Sugar Institute, Inc. v. United StatesAnnotate this Case
297 U.S. 553 (1936)
U.S. Supreme Court
Sugar Institute, Inc. v. United States, 297 U.S. 553 (1936)
Sugar Institute, Inc. v. United States
Argued February 3, 4, 1936
Decided March 30, 1936
297 U.S. 553
1. The restrictions of the Sherman Anti-Trust Act are aimed against such restraints of interstate commerce as are unreasonable. P. 297 U. S. 597.
2. The Act does not forbid cooperative adoption by competitors of reasonable means to protect their trade from injurious practices and to promote competition on a sound basis, and such legitimate cooperation is not limited to the removal of evils which are in themselves infractions of positive law. P. 297 U. S. 598.
3. The mere fact that correction of abuses in a business by cooperative action of those competing in it may tend to stabilize the business, or to produce fairer price levels, does not stamp their action as unreasonable restraint of trade. P. 297 U. S. 598.
4. But concerted action which produces unreasonable restraint cannot be justified by pointing to evils affecting the industry or to a laudable purpose to remove them. P. 297 U. S. 599.
5. While the collection and dissemination of trade statistics are in themselves permissible, and may be a useful adjunct of fair commerce, a combination to gather and supply information as part of a plan to impose unwarrantable restrictions on competition, as, for example, to curtail production and raise prices, is unlawful. P. 297 U. S. 599.
6. In applying the Sherman Act, each case demands a close scrutiny of its own facts, and questions of reasonableness are necessarily questions of relation and degree. P. 297 U. S. 600.
7. Fifteen companies, which refined nearly all of the imported raw cane sugar processed in this country and supplied from 70 to 80% of the refined sugar consumed in it, formed a trade association, called The Sugar Institute, ostensibly for the purpose of doing away with unfair merchandizing practices, especially the granting of secret concessions and rebates to customers, which had grown up in the trade. They agreed that all discriminations between customers should be abolished, and, to that end, that each company should publicly announce in advance its prices, terms, and conditions of sale and adhere to them strictly until it publicly changed them. They also agreed upon a number of supplementary restrictions (which are considered in detail in this opinion), among which were
(a) restrictions on the employment of brokers and warehousemen (infra,297 U. S. 587); (b) restrictions concerning transportation, absorption of freight charges, etc. (infra,297 U. S. 589); (e) limitation of the number of consignment points at which sugar was placed for distribution to surrounding areas and limitation of ports of entry to be used (infra,297 U. S. 591); (d) prohibition of long-term contracts and restriction of quantity discounts on sales to customers (infra,297 U. S. 593); (e) withholding from the purchasing trade of part of the statistical information collected by the Institute for its members and not otherwise available (infra,297 U. S. 596).
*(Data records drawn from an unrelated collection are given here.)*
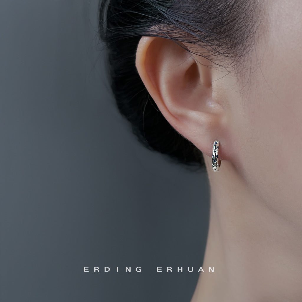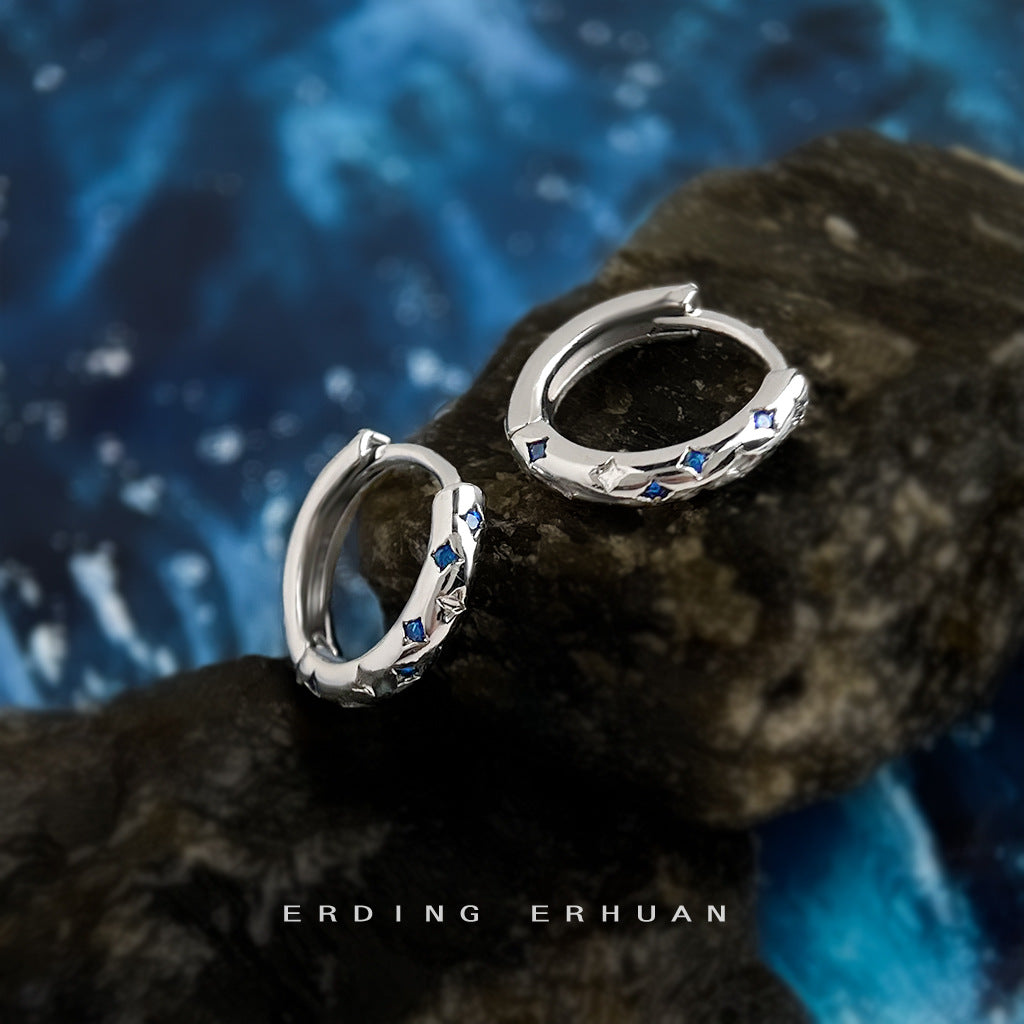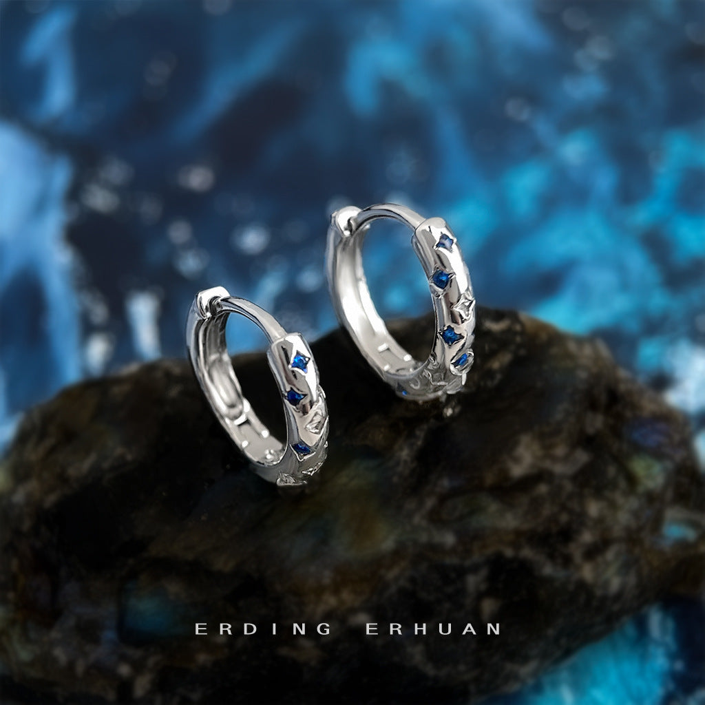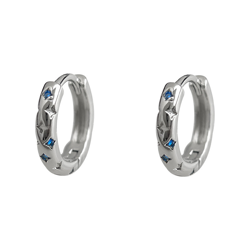 C廠【6946】時尚高級感個性甜酷風芒星藍鋯石圓形幾何百搭耳扣女氣質耳環耳環 25.10-4
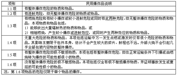 危險品按照《關于危險貨物運輸的建議書 規章范本》(第13修訂版)的規定分為9類,民用爆炸品屬于第1類、第1類具體劃分為6項,見表1。
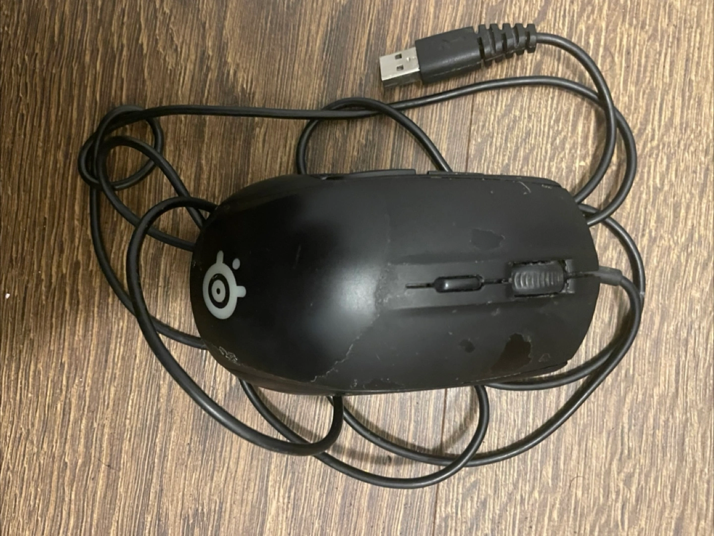 Wired gaming mouse. Shows some wear.

Owing to the position of these refiners in the sugar industry, maintenance of competition between them was a matter of serious public concern, and, since refined sugar is a highly standardized product, that competition must relate mainly to prices, terms, and conditions of sales. The strong tendency toward uniformity of price resulting from the uniformity of the commodity made it the more important that such opportunities as existed for fair competition should not be impaired.
(1) The agreement and supporting requirements went beyond the removal of admitted abuses and imposed unreasonable restraints. P. 297 U. S. 601.
(2) The vice of the agreement was not in the mere open announcement in advance of prices and terms -- a custom previously existing which had grown out of the special character of the industry and did not restrain competition -- nor in the relaying of such announcements, but in the steps taken to secure undeviating adherence to the prices and terms announced, whereby opportunities for variation in the course of competition, however fair and appropriate, were cut off. P. 297 U. S. 601.
(3) In ending the restraint, the beneficial and curative agency of publicity should not be unnecessarily hampered; publicity of prices and terms should not be confined to closed transactions; if the requirement that there must be adherence to prices and terms openly announced in advance be abrogated and the restraints which followed that requirement be removed, the just interests of competition will be safeguarded, and the trade will still be left with whatever advantage may be incidental to its established practice. P. 297 U. S. 601.
(4) The refiners should be enjoined from gathering and disseminating among themselves exclusively statistical information which is not readily, fully, and fairly available to the purchasing and distributing trade, and in which that trade has a legitimate interest,
but the command should not be so broad as to include information in relation to the affairs of refiners which may rightly be treated as having a confidential character and in which distributors and purchasers have no proper interest. P.___.
15 F.Supp. 817 modified and affirmed.
Appeal from a decree of injunction in a suit by the Government under the Anti-Trust Act. The bill named as defendants an incorporated trade association called The Sugar Institute, the fifteen sugar refining corporations composing it, and various individuals. The decree below did not dissolve the Institute, as was prayed, but permanently enjoined the defendants from engaging in forty-five stated activities found to be in restraint of competition in the sugar trade.